Below the table in the "Supporting data" section, you can view more granular data. The chart displays revenue versus control information to the latest available date as default. In this view, the shaded area represents the confidence interval; the chart allows you to view how the confidence interval changed through time. You can adjust the selected duration and dates using the duration and date filters at the top right of the chart.

You can also display the following metrics using the metric filter at the top left of the chart: Revenue, Orders, Buyers, Buyer ratio, ARRPU (these metrics are also described in Metric definitions). If you choose another metric, the chart won't display a confidence interval, as this is based on revenue.

To view more product-level details, you can also export your experiment results as a CSV file. You can view the fields, format, and examples for the CSV export by expanding the Metric definitions (CSV export) section.

Tip: You can click View experiment setup to view the experiment setup details, which you can also filter by variant and by country/region. This can be helpful to quickly remind yourself of the experiment parameters.

Apply variants

Before applying your variant, note the following:

  • If one or more of your in-app products are linked to a pricing template, applying the variant will update your experiment's country/region prices and unlink these in-app products from the template(s).
  • You can only apply the variant to all in-app products and countries/regions in your experiment. We calculate statistical significance across the whole setup and therefore cannot guarantee the same outcome and effect if only part of the setup countries/regions and in-app products were applied.

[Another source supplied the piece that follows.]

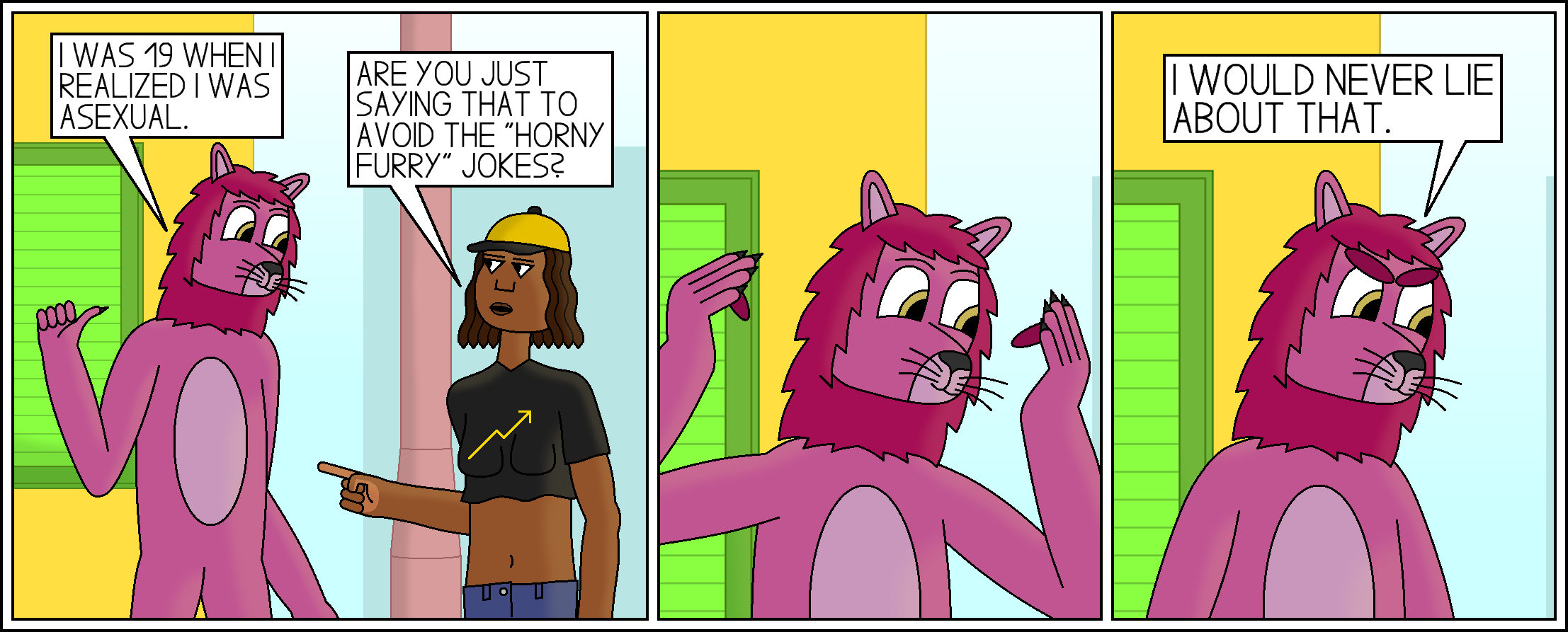 Comic 622: A Lustless Lion August 18, 2025 If I was talking to a furry and they put on angry eyebrows, I don’t know what I would do.

If your variant(s) matched or outperformed your control, you can update your pricing by applying the variant:

  1. Open Play Console and go to the Price experiments page (Monetize with Play> Price experiments).
  2. Click Apply variant next to the variant you want to apply.

Your app's pricing will be updated as configured in the variant. Your experiment will end automatically 14 days after the result was determined, or you can click End experiment to end it immediately.

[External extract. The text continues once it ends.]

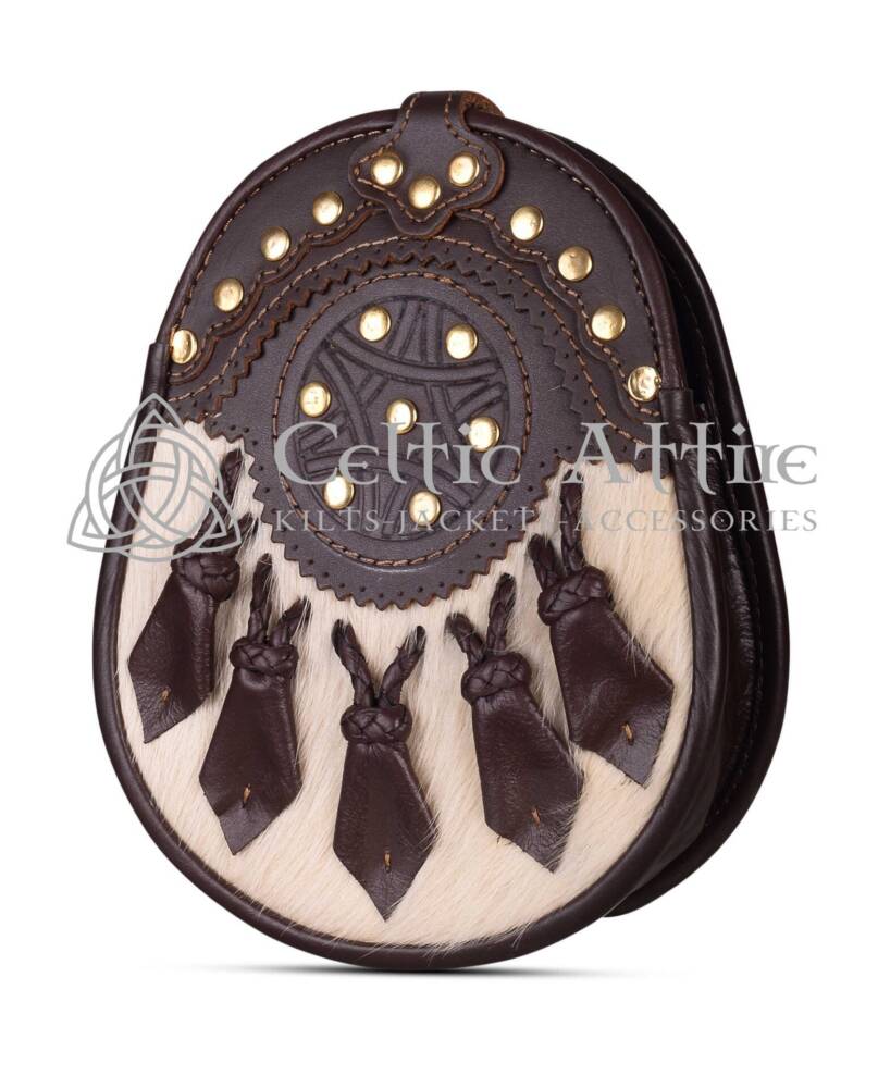 Brown Leather Hunting Sporran – White Fur and 5 Tassels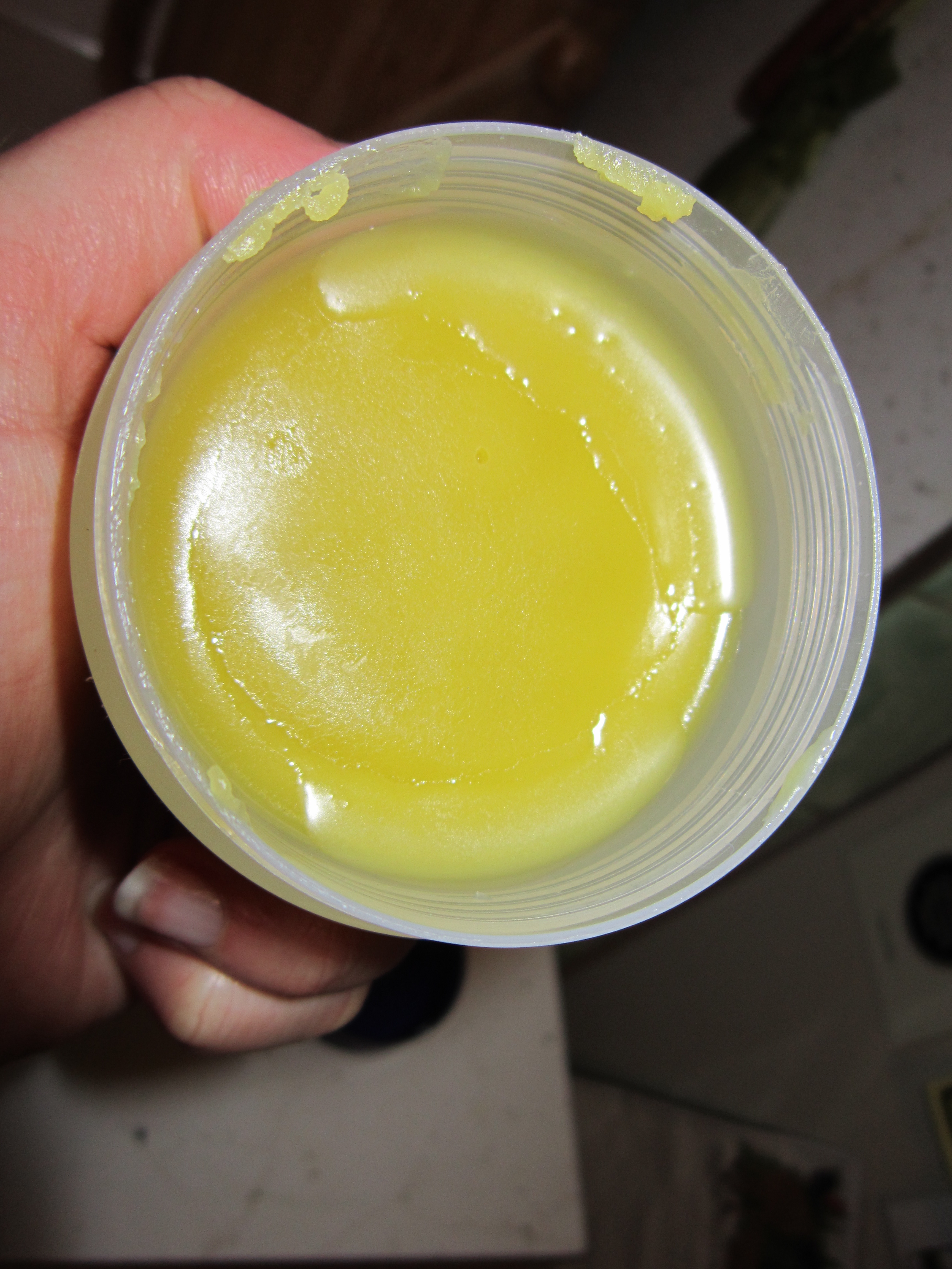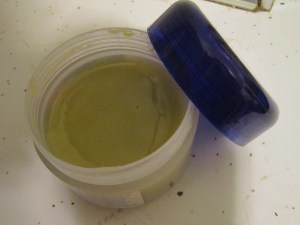 When the mixture is consistent, pour it into a reused container and let sit to become a salve!  Use and enjoy knowing exactly what went into your product!

Possible experiment outcomes

There are multiple possible outcomes for an experiment. Your experiment outcome determines what your next steps should be.

Experiment outcome Meaning Notes/recommendations
Variant [X] performed best Variant [X] has become statistically significant by producing a meaningful result with the largest increase in revenue. Apply variant [X] , as it significantly outperformed your control and the other variant(s).
Both variants performed better than the control Both variants achieved greater revenue than the control. Review the results and decide which variant to apply. You decide which variant to apply.
Variant(s) and the control performed the same No variant achieved greater revenue than the control. Your experiment has collected enough data and yields a draw between variant(s) and the control.
The control performed best The control achieved greater revenue than both variants. This suggests that your current price points for the experiment countries and product are already optimized. Continue to use the control price for the experiment products and countries.
More data needed Your experiment is in progress. More data is needed to determine a statistically significant result. Go to recommended actions for low data volumes to determine next steps.
Inconclusive result Your experiment has been stopped prematurely or has reached the maximum experiment duration of six months. More data is needed to determine a statistically significant outcome. Try running a new experiment with a different setup. Go to recommended actions for low data volumes to determine next steps. This may be an indication that buyers are indifferent about the in-app product prices in the experiment countries/regions.
Metric definitions

This table lists the metrics from your experiment's analysis page.

Metric Definition
All products revenue The gross revenue from experiment users who purchased in-app products in and outside the experiment over the specified time period.
Average revenue per paying user (ARPPU) The total gross revenue of in-app products divided by the number of unique buyers (users who make at least one purchase of in-app products from in and outside of the experiment) in the specified time period for the experiment. This metric will help you understand the value of buyers to your business.
Buyer ratio (28-day)

The percentage of monthly active users who made at least one in-app product purchase during the experiment, including in-app products from outside of the experiment.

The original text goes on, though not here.